Minimum Sum of Four Digit Number After Splitting Digits - Video Solutions

Problem Overview: You are given a four-digit integer num. Split its digits into two new integers such that every digit is used exactly once and the sum of the two numbers is minimized. The order of digits inside each number matters, so placing smaller digits in higher place values reduces the total sum.

Approach 1: Brute Force Combination (O(1) time, O(1) space)

Extract the four digits and generate every possible way to distribute them into two two-digit numbers. For each arrangement, build numbers like 10*a + b and 10*c + d, then compute the total sum. Track the minimum across all permutations. Because there are only four digits, the total permutations are constant (4! possibilities). This approach is straightforward and demonstrates the full search space, but it does unnecessary work compared to the greedy observation.

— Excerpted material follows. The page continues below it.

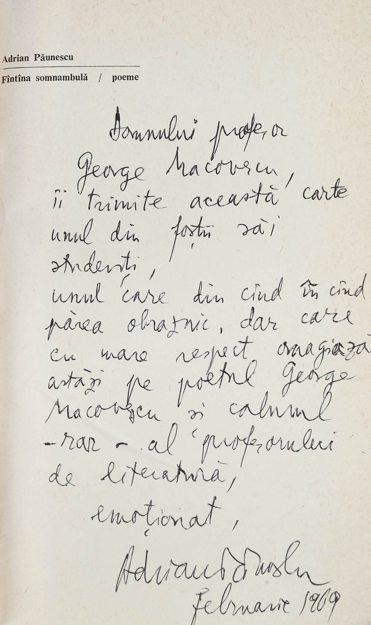 24. ”Fîntîna somnambulă”, de Adrian Păunescu, București, 1968, cu dedicația și semnătura olografă a autorului către George Macovescu, provine din colecţia fostului ministru de externe George Macovescu
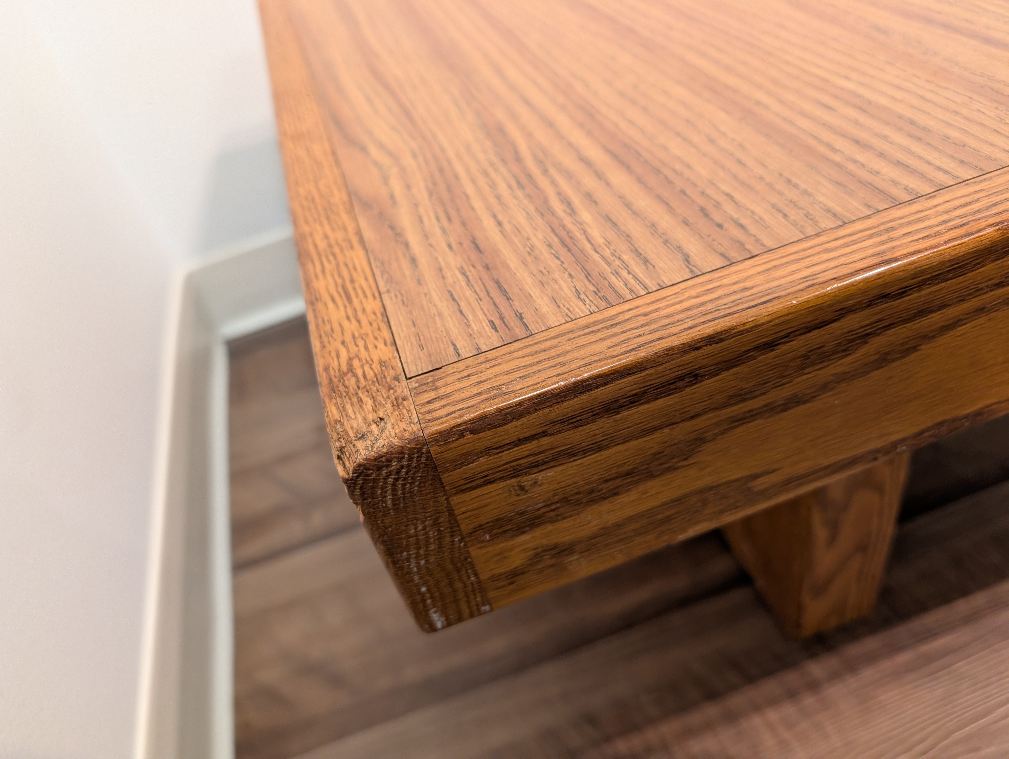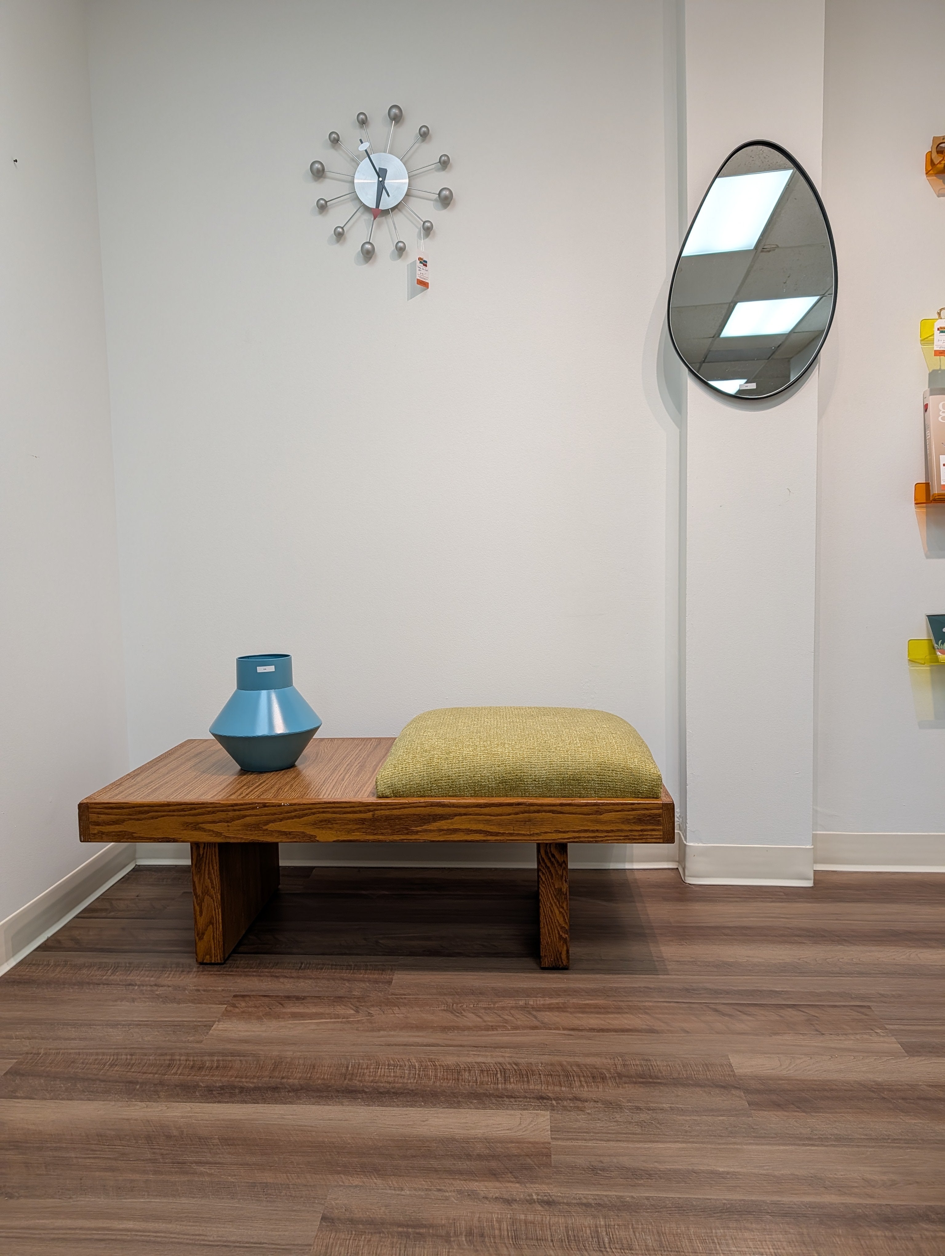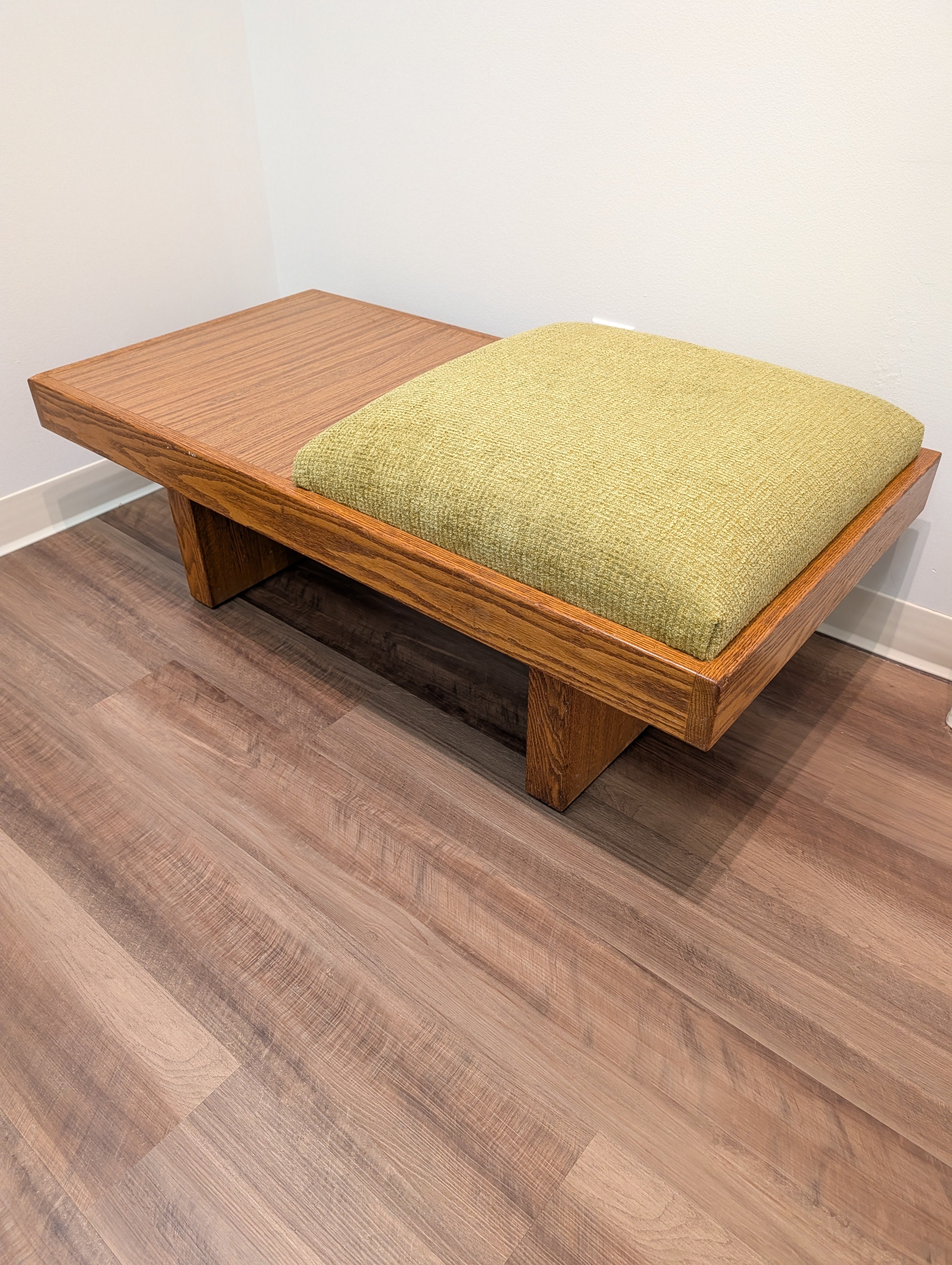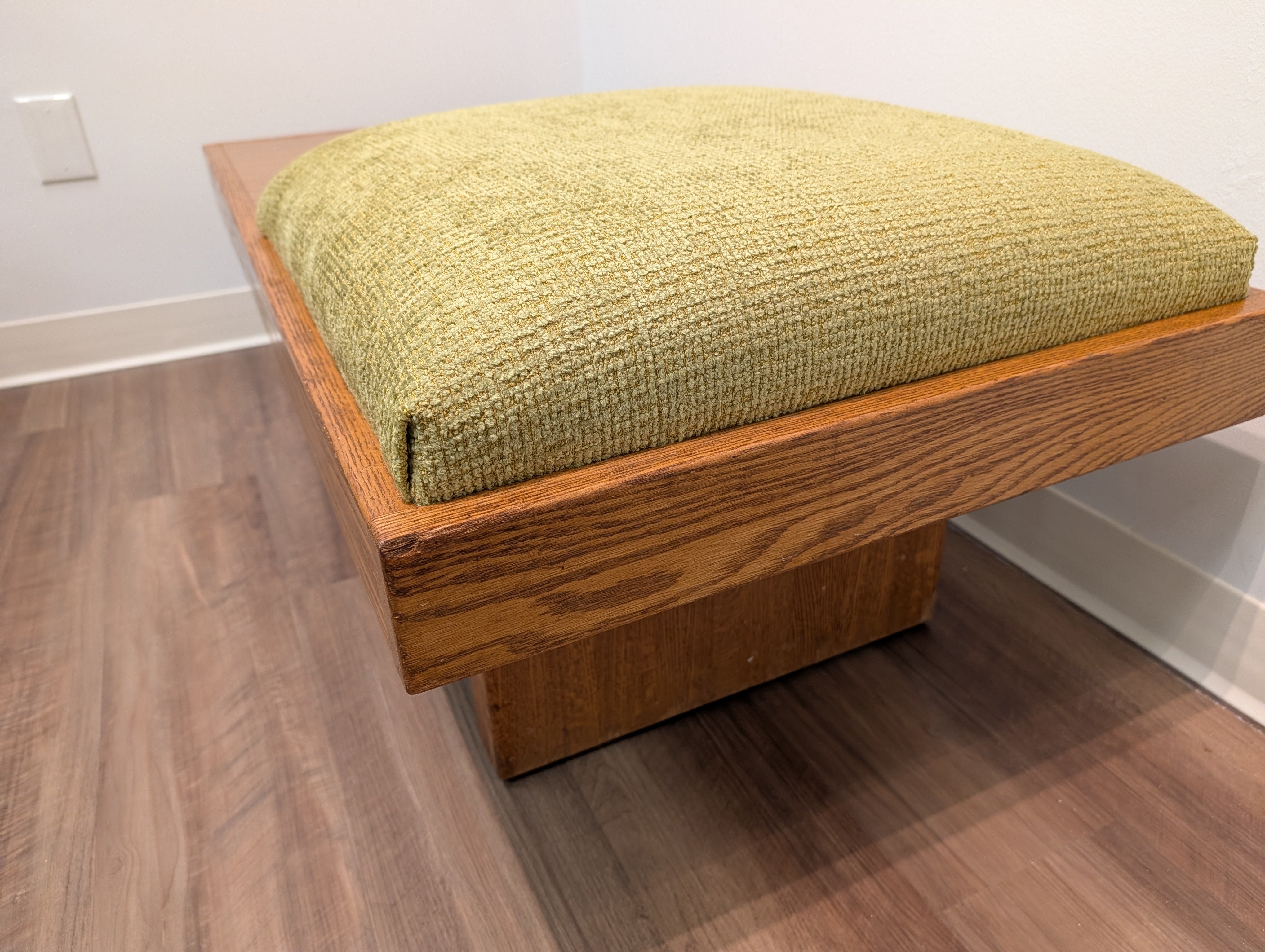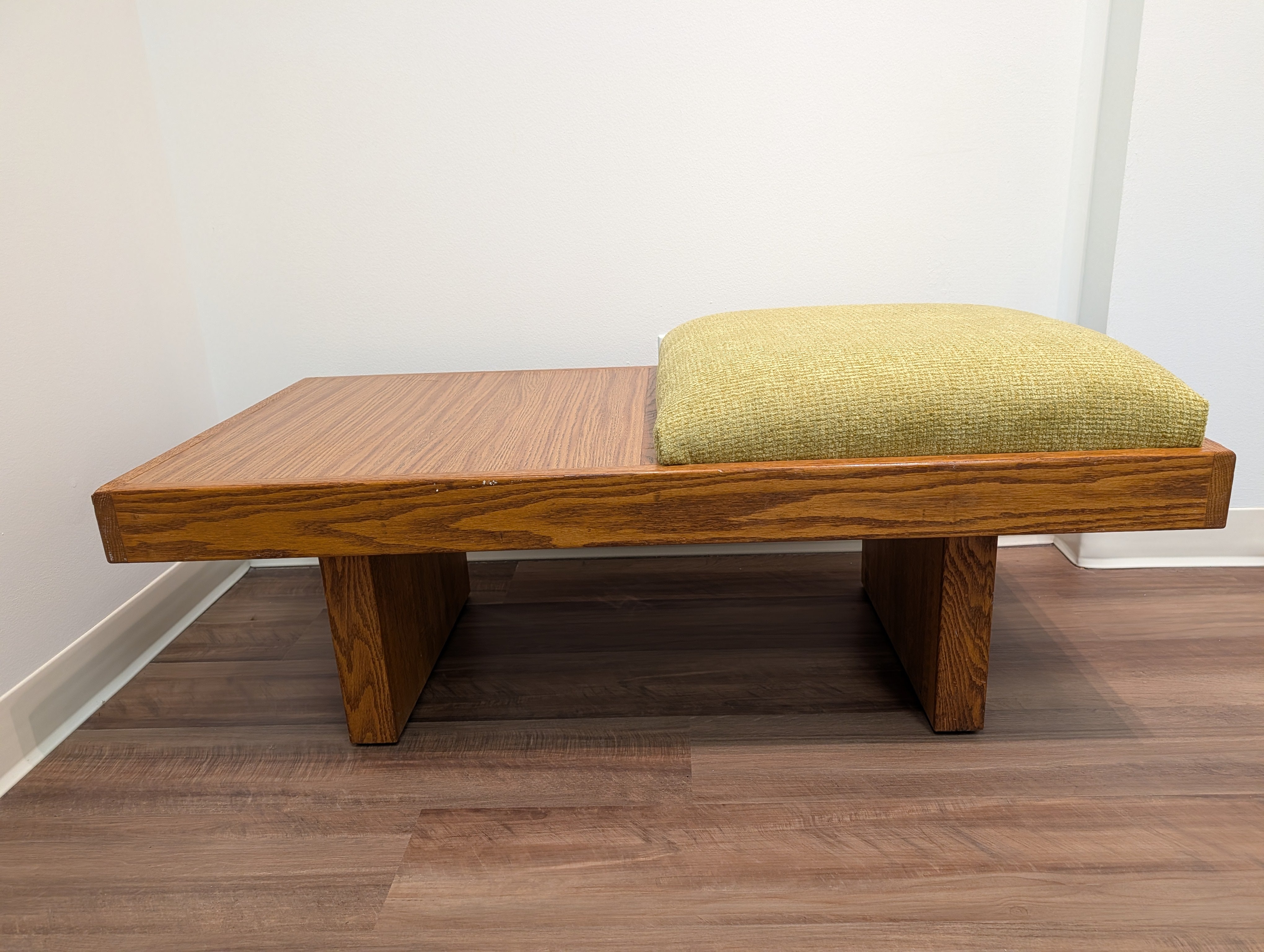 This is a solid wood oak bench with an upholstered seat cushion. It would make a great entryway bench, window seat or extra seating! Minimal signs of wear.

Approach 2: Sorting and Minimal Pairing (O(d log d) time, O(1) space)

Extract the digits and sort them in ascending order using a sorting algorithm. The key greedy insight: to minimize the final sum, distribute the smallest digits across the highest place values of the two numbers. After sorting d0 ≤ d1 ≤ d2 ≤ d3, construct the numbers as (10*d0 + d2) and (10*d1 + d3). This balances the digits between the tens positions instead of stacking the smallest digits in the same number. The method follows a classic greedy strategy where locally optimal placement (smallest digits in highest weight positions) leads to the globally minimal sum.

Digit extraction itself is simple arithmetic using modulo and division, a common pattern in math-based problems. After sorting, constructing the two numbers and returning their sum is constant work.

Recommended for interviews: Sorting and minimal pairing. Interviewers expect you to notice that smaller digits should occupy the tens positions of both numbers. Brute force proves correctness but the greedy approach demonstrates stronger algorithmic intuition and cleaner implementation.